**EXERCISE OBJECTIVE**
Go through the entries below and print each one exactly.

Items listed in a dataset:
========================================

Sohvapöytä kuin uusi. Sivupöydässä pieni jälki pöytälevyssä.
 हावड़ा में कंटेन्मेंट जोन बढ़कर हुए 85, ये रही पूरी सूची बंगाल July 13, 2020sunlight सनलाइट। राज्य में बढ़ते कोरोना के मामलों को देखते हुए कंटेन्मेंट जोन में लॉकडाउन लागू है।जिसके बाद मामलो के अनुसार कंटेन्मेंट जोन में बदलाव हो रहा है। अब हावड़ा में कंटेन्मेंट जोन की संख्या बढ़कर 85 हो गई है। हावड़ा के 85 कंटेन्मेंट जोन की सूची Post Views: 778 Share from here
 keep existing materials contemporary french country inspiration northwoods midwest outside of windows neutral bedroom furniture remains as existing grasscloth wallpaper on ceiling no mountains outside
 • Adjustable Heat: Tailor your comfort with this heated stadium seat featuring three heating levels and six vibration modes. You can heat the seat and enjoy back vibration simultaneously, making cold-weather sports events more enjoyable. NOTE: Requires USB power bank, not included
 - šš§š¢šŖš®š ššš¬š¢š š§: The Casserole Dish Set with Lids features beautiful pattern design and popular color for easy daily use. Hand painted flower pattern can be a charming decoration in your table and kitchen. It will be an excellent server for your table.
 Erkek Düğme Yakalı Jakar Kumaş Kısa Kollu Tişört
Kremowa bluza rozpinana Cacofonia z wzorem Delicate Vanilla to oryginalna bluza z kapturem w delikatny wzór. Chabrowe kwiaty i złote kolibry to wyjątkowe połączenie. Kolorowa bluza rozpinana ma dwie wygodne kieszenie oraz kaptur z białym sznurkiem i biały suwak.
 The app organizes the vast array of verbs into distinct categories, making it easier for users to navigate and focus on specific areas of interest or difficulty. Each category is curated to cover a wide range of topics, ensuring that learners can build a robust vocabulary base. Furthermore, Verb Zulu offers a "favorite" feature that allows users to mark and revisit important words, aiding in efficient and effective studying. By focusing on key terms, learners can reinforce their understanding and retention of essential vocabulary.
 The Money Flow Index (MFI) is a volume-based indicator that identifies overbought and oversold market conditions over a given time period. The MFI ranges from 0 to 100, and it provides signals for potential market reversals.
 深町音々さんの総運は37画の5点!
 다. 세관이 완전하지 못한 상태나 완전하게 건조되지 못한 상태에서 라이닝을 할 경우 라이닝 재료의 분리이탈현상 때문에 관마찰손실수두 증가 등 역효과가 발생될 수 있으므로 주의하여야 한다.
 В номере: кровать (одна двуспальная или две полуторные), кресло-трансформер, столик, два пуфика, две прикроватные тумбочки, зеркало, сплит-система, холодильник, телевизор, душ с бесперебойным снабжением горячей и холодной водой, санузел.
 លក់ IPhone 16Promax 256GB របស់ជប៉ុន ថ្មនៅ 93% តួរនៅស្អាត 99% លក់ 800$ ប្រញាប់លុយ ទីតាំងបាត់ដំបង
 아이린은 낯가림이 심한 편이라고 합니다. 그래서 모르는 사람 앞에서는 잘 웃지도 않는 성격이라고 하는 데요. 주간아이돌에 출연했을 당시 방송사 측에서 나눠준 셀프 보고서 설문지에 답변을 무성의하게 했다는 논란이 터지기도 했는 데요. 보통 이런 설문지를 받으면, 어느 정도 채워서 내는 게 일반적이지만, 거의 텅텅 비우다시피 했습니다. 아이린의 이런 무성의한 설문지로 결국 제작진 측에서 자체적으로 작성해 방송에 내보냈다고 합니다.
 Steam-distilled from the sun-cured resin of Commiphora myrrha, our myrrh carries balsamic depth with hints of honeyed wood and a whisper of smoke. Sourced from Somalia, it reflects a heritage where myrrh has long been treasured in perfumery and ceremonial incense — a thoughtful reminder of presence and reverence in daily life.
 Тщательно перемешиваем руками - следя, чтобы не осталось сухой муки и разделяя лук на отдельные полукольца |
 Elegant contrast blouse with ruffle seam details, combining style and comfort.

========================================

**SOLUTION TO THIS EXERCISE**
Sohvapöytä kuin uusi. Sivupöydässä pieni jälki pöytälevyssä.
 हावड़ा में कंटेन्मेंट जोन बढ़कर हुए 85, ये रही पूरी सूची बंगाल July 13, 2020sunlight सनलाइट। राज्य में बढ़ते कोरोना के मामलों को देखते हुए कंटेन्मेंट जोन में लॉकडाउन लागू है।जिसके बाद मामलो के अनुसार कंटेन्मेंट जोन में बदलाव हो रहा है। अब हावड़ा में कंटेन्मेंट जोन की संख्या बढ़कर 85 हो गई है। हावड़ा के 85 कंटेन्मेंट जोन की सूची Post Views: 778 Share from here
 keep existing materials contemporary french country inspiration northwoods midwest outside of windows neutral bedroom furniture remains as existing grasscloth wallpaper on ceiling no mountains outside
 • Adjustable Heat: Tailor your comfort with this heated stadium seat featuring three heating levels and six vibration modes. You can heat the seat and enjoy back vibration simultaneously, making cold-weather sports events more enjoyable. NOTE: Requires USB power bank, not included
 - šš§š¢šŖš®š ššš¬š¢š š§: The Casserole Dish Set with Lids features beautiful pattern design and popular color for easy daily use. Hand painted flower pattern can be a charming decoration in your table and kitchen. It will be an excellent server for your table.
 Erkek Düğme Yakalı Jakar Kumaş Kısa Kollu Tişört
Kremowa bluza rozpinana Cacofonia z wzorem Delicate Vanilla to oryginalna bluza z kapturem w delikatny wzór. Chabrowe kwiaty i złote kolibry to wyjątkowe połączenie. Kolorowa bluza rozpinana ma dwie wygodne kieszenie oraz kaptur z białym sznurkiem i biały suwak.
 The app organizes the vast array of verbs into distinct categories, making it easier for users to navigate and focus on specific areas of interest or difficulty. Each category is curated to cover a wide range of topics, ensuring that learners can build a robust vocabulary base. Furthermore, Verb Zulu offers a "favorite" feature that allows users to mark and revisit important words, aiding in efficient and effective studying. By focusing on key terms, learners can reinforce their understanding and retention of essential vocabulary.
 The Money Flow Index (MFI) is a volume-based indicator that identifies overbought and oversold market conditions over a given time period. The MFI ranges from 0 to 100, and it provides signals for potential market reversals.
 深町音々さんの総運は37画の5点!
 다. 세관이 완전하지 못한 상태나 완전하게 건조되지 못한 상태에서 라이닝을 할 경우 라이닝 재료의 분리이탈현상 때문에 관마찰손실수두 증가 등 역효과가 발생될 수 있으므로 주의하여야 한다.
 В номере: кровать (одна двуспальная или две полуторные), кресло-трансформер, столик, два пуфика, две прикроватные тумбочки, зеркало, сплит-система, холодильник, телевизор, душ с бесперебойным снабжением горячей и холодной водой, санузел.
 លក់ IPhone 16Promax 256GB របស់ជប៉ុន ថ្មនៅ 93% តួរនៅស្អាត 99% លក់ 800$ ប្រញាប់លុយ ទីតាំងបាត់ដំបង
 아이린은 낯가림이 심한 편이라고 합니다. 그래서 모르는 사람 앞에서는 잘 웃지도 않는 성격이라고 하는 데요. 주간아이돌에 출연했을 당시 방송사 측에서 나눠준 셀프 보고서 설문지에 답변을 무성의하게 했다는 논란이 터지기도 했는 데요. 보통 이런 설문지를 받으면, 어느 정도 채워서 내는 게 일반적이지만, 거의 텅텅 비우다시피 했습니다. 아이린의 이런 무성의한 설문지로 결국 제작진 측에서 자체적으로 작성해 방송에 내보냈다고 합니다.
 Steam-distilled from the sun-cured resin of Commiphora myrrha, our myrrh carries balsamic depth with hints of honeyed wood and a whisper of smoke. Sourced from Somalia, it reflects a heritage where myrrh has long been treasured in perfumery and ceremonial incense — a thoughtful reminder of presence and reverence in daily life.
 Тщательно перемешиваем руками - следя, чтобы не осталось сухой муки и разделяя лук на отдельные полукольца |
 Elegant contrast blouse with ruffle seam details, combining style and comfort.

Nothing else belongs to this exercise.